24 qualified radiologists were given a series of CT scans showing diseased lungs and were told to locate 10 abnormal nodules, or white lesions on the image.

On the last scan the radiologists were shown an image of a dancing gorilla was placed on the image – at 48 times larger than the nodules the radiologists were looking for.

A staggering 83 per cent of these qualified practitioners missed the image of the ape, despite looking at the scan four times on average.

According to the study the radiologists were suffering from “inattentional blindness”, a psychological phenomenon which occurs when ones brain is focused on a task and only registers what the mind considers important, or part of the job at hand.

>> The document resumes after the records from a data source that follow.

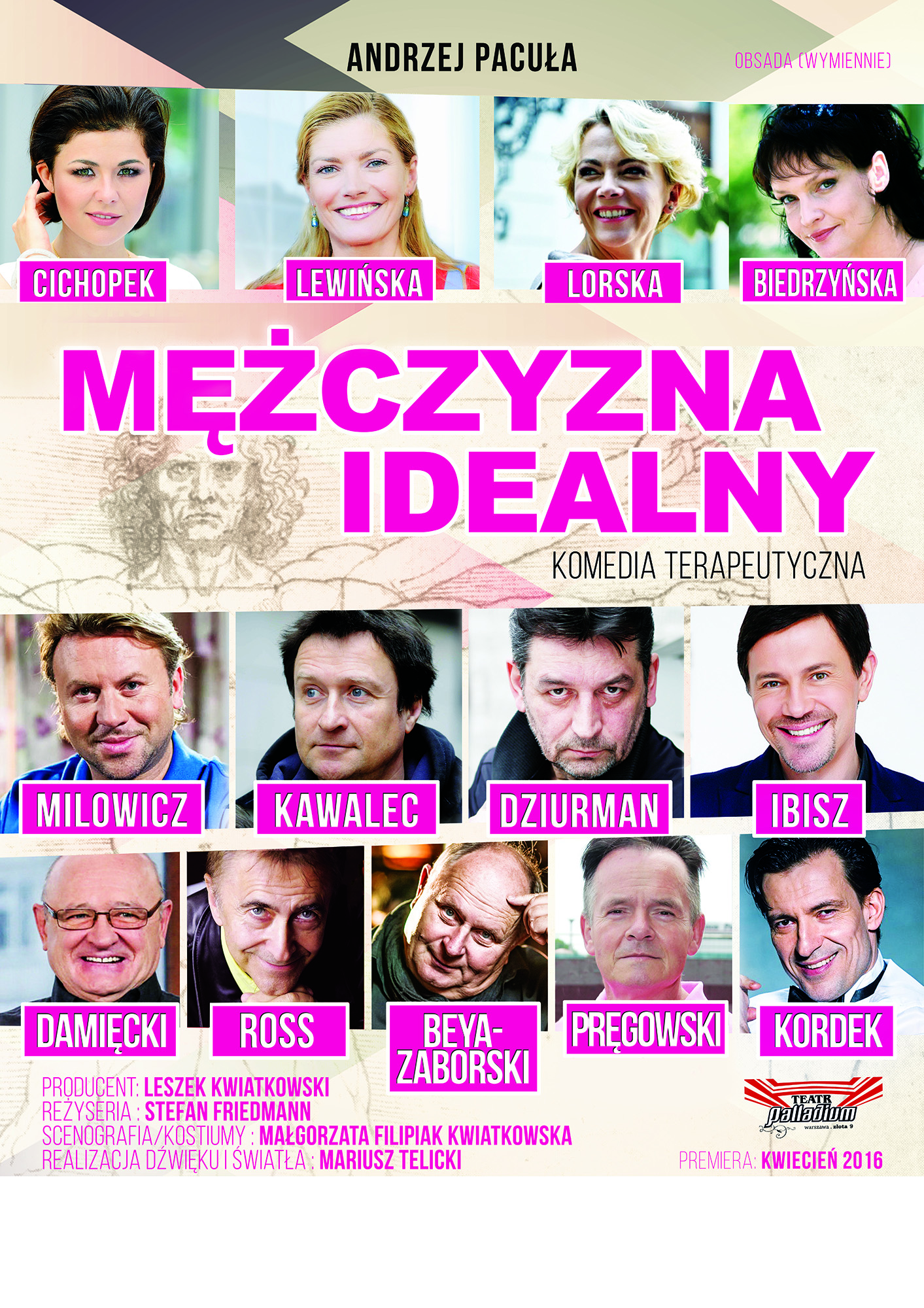 Opis spektaklu: Sławny showman telewizyjny, gwiazdor estrady zgłasza się na kurację do kliniki leczenia męskich nerwic. Nie podejrzewa, że to klinika, zupełnie niepodobna, do innych. Kieruje nią ekscentryczny profesor psychiatrii, stosujący metody bliższe raczej hippisom i playboy'om, niż instytutowi naukowemu. Jego najbliższa współpracowniczka natomiast, doktor psychiatrii i bio-genetyki, umysł wybitny i szalony, jest owładnięta ideą "wyprodukowania" mężczyzny idealnego, zdolnego przetrwać w epoce nadchodzącego matriarchatu. Pracuje nad tym w ukryciu i już udało się jej "wyhodować" pierwszy egzemplarz mężczyzny idealnego, niestety, z wieloma ukrytymi i jawnymi wadami. Zamierza go zatem udoskonalić. Opracowuje rewolucyjną metodę przeszczepiania osobowości. Ale kto będzie dawcą osobowości dla mężczyzny idealnego? Wybór pada na telewizyjnego showmana, który nie zdaje sobie sprawy, że stał się obiektem eksperymentów, jakich dotąd, ludzkość nie znała. Profesor usiłuje powstrzymać szaleństwo uczonej koleżanki. Wie, że kształtowanie dowolnych ludzi, poprzez przeszczepianie osobowości - może być zagrożeniem dla całego świata, gdyby ta metoda dostała się w ręce szaleńców, polityków czy generałów. Zaczyna się walka, intrygi, komiczne zwroty akcji i zamiany ról - jest romans, spisek i seans seksterapeutyczny, jest terapia śmiechem rozbierany poker, jest czworo bohaterów, ale nikt, nie jest tym, za kogo się podaje. Wszyscy kogoś udają.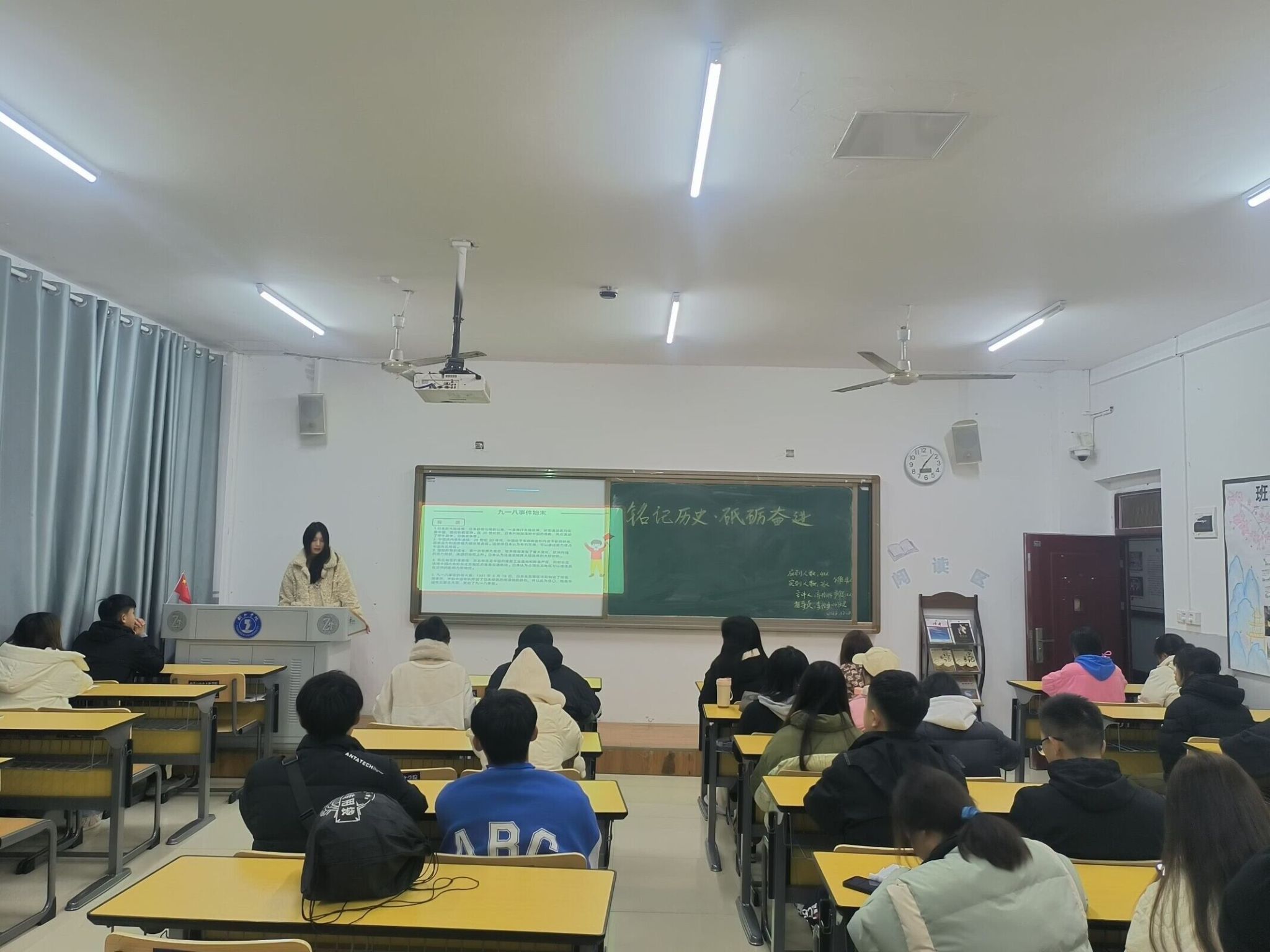 12月11日晚,我院各班于依仁楼A组织召开“铭记历史,砥砺奋进”主题班会活动。通过此次班会活动,让同学们明白了作为新时代的新青年,我们正值风华正茂,意气风发的年纪,我们是民族精神的传承者,我们是祖国明天的建设者,祖国的昨天需要我们铭记,祖国的明天需要我们建设,因此,我们必须要珍惜这大好时光,努力学习,奋发向上。
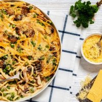 Тетраццини - запеканка с макаронами, индейкой и грибами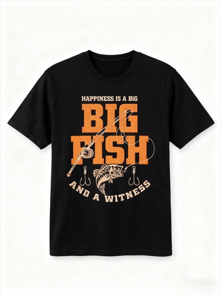 Glück ist ein großer Fisch Grafik-T-Shirt Vintage Angelzitat Druck Baumwoll-T-Shirt Outdoor Angler Top für Männer Frauen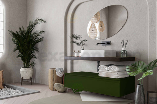 Mobile bagno tabacco verde opaco 120x50 Oasy con top e lavabo da appoggio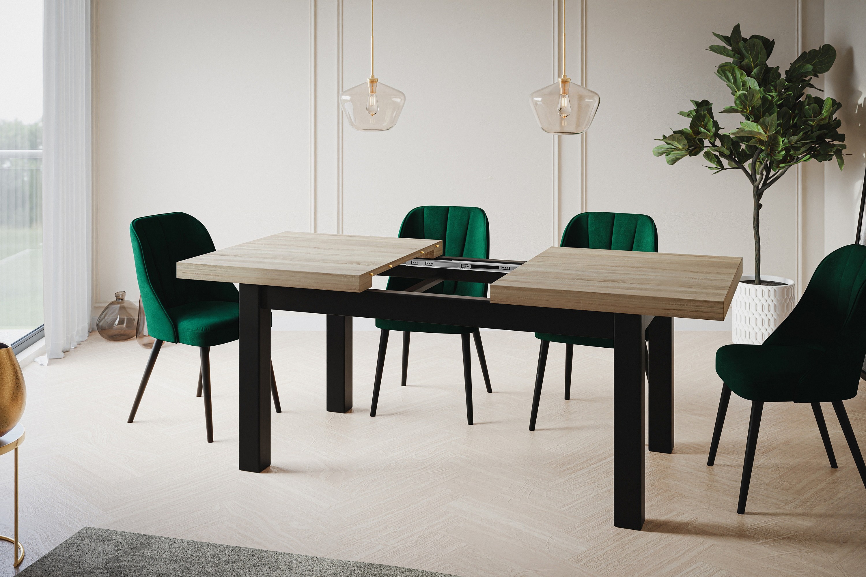 Table de salle à manger rectangulaire CLASSIC, table extensible, dimensions : 160-210X90X78 cm, couleur : SONOMA, avec pieds en bois de couleur noire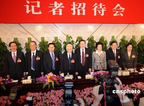 三月六日下午,全國政協十一屆一次會議記者招待會在北京人民大會堂新聞發布廳舉行,主題是“民主黨派中央主席談多黨合作”。九三學社中央主席韓啟德、農工黨中央主席桑國衛、民建中央主席陳昌智、民革中央主席周鐵農、民盟中央主席蔣樹聲、民進中央主席嚴雋琪、致公黨中央主席萬鋼、臺盟中央主席林文漪(從左至右)共同亮相,受到中外媒體的熱烈關注。中新社發 廖攀 攝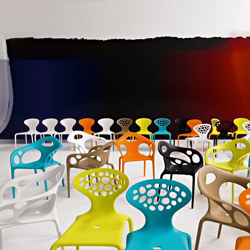 Designed by designer Ross Lovegrove, Supernatural chair uses injection moulding technology in fibreglass-reinforced polypropylene. Echoing the liquid and organic forms cherished by this designer, the shape of the Supernatural chair is achieved via digital data. Designed for both indoor and outdoor use, Supernatural is stackable and available in a variety of colours. The perforated backrest accentuates the visual lightness of this chair produced by Moroso, and creates an array of light and shadows as the light passes through it.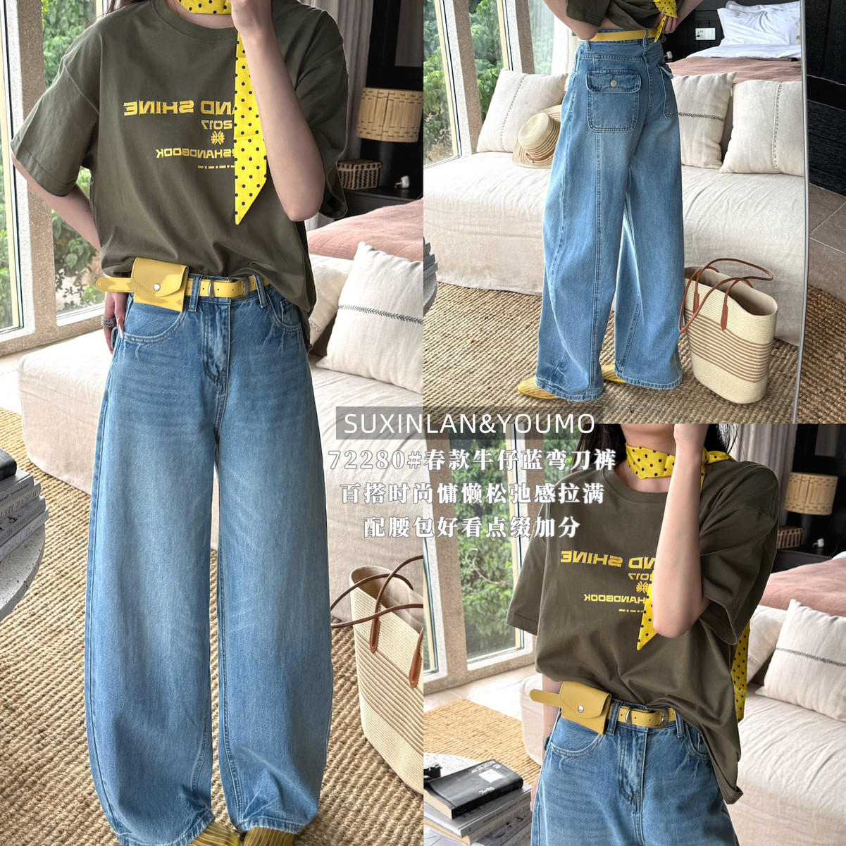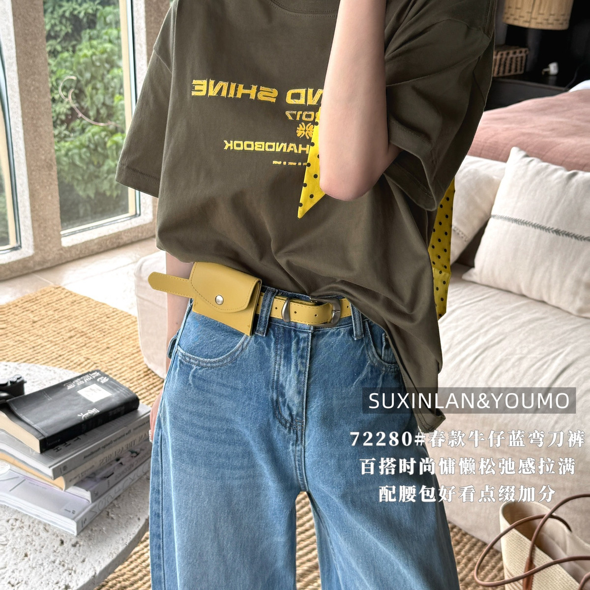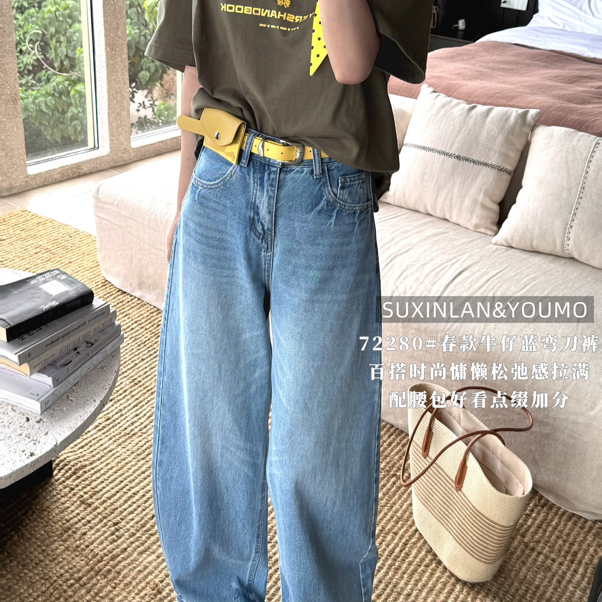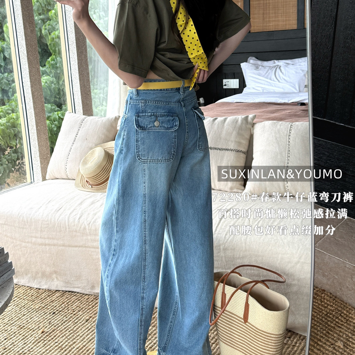 素心兰/YOUMO-瘦休闲后口袋特色牛仔裤(配腰带,腰包)(百搭弯刀裤)

“Researchers also determined by eye-tracking that radiologists spent 5.8 seconds looking at the scan with the gorilla, and out of the 20 radiologists who did not see the gorilla, 12 had looked directly at it,” said one of the scientists conducting the study.

Once the radiologists had been told that there was a gorilla somewhere in the sequence of scans they all found it immediately.

Perhaps even more worrying than their inability to spot a silverback gorilla amongst the nodules is the fact that only 55 per cent of those studied were able to correctly identify all the lung abnormalities on the various scans… And they were actually looking for them. 

Besides if I had a gorilla on my lungs and the doctor missed it, I’d go absolutely bananas!